Goal of the exercise:
Using the listing below, reproduce exactly the lines from the one with "Këngëtari ka shpërndarë" through the last, with all pictures left out.

Data segment:
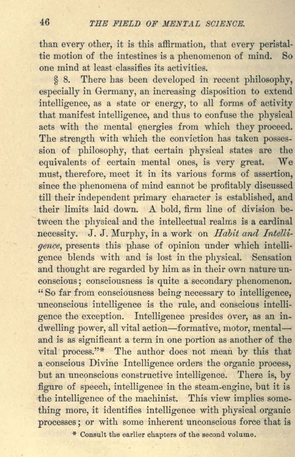 8. There has been developed in recent philosophy, especially in Germany, an increasing disposition to extend intelligence, as a state or energy, to all forms of activity that manifest intelligence, and thus to confuse the physical acts with the mental energies from which they proceed. The strength with which the conviction has taken possession of philosophy, that certain physical states are the equivalents of certain mental ones, is very great. We must, therefore, meet it in its various forms of assertion, since the phenomena of mind cannot be profitably discussed till their independent primary character is established, and their limits laid down. A bold, firm line of division between the physical and the intellectual realms is a cardinal necessity. J. J. Murphy, in a work on Habit and Intelligence, presents this phase of opinion under which intelligence blends with and is lost in the physical. Sensation and thought are regarded by him as in their own nature unconscious; consciousness is quite a secondary phenomenon. "So far from consciousness being necessary to intelligence, unconscious intelligence is the rule, and conscious intelligence the exception. Intelligence presides over, as an indwelling power, all vital action formative, motor, mental and is as significant a term in one portion as another of the vital process."* The author does not mean by this that a conscious Divine Intelligence orders the organic process, but an unconscious constructive intelligence. There is, by figure of speech, intelligence in the steam-engine, but it is the intelligence of the machinist. This view implies something more, it identifies intelligence with physical organic processes; or with some inherent unconscious force that is
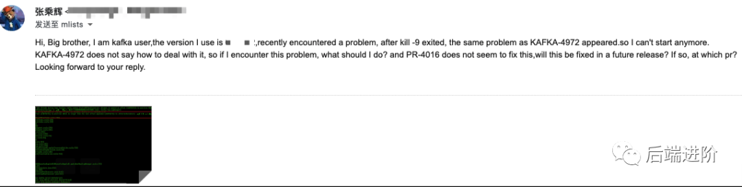 我也尝试发送邮件给 Kafka 维护者,期待大佬的回应:
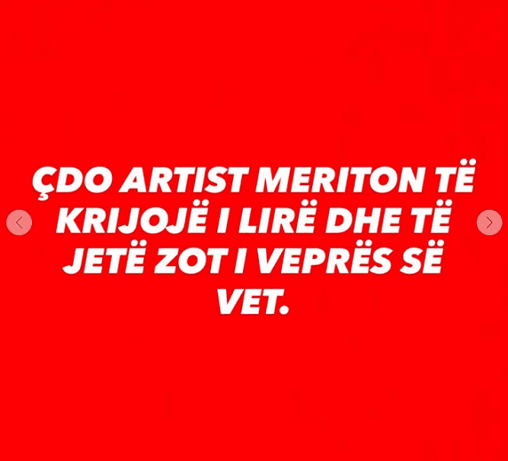 Këngëtari ka shpërndarë në rrjete sociale një mesazh mbështetës me hashtagun #MeGjestin, duke e shoqëruar me fjalët: “Çdo artist meriton të krijojë i lirë dhe të jetë zot i veprës së vet”.
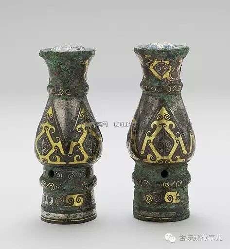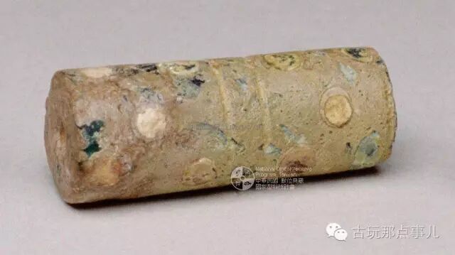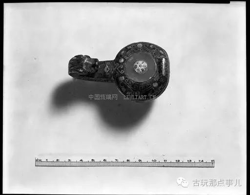 琉璃蜻蜓眼在战国时期倍受诸侯爷们喜爱,也被镶嵌在其他饰物上,除了辟邪外也增加美观。看看此见当时用于马车上的杆子尾端盖,镶嵌了蓝白色的琉璃蜻蜓眼。战国时期,美国哈佛大学艺术博物馆藏。

Exercise output:
 Këngëtari ka shpërndarë në rrjete sociale një mesazh mbështetës me hashtagun #MeGjestin, duke e shoqëruar me fjalët: “Çdo artist meriton të krijojë i lirë dhe të jetë zot i veprës së vet”.
 琉璃蜻蜓眼在战国时期倍受诸侯爷们喜爱,也被镶嵌在其他饰物上,除了辟邪外也增加美观。看看此见当时用于马车上的杆子尾端盖,镶嵌了蓝白色的琉璃蜻蜓眼。战国时期,美国哈佛大学艺术博物馆藏。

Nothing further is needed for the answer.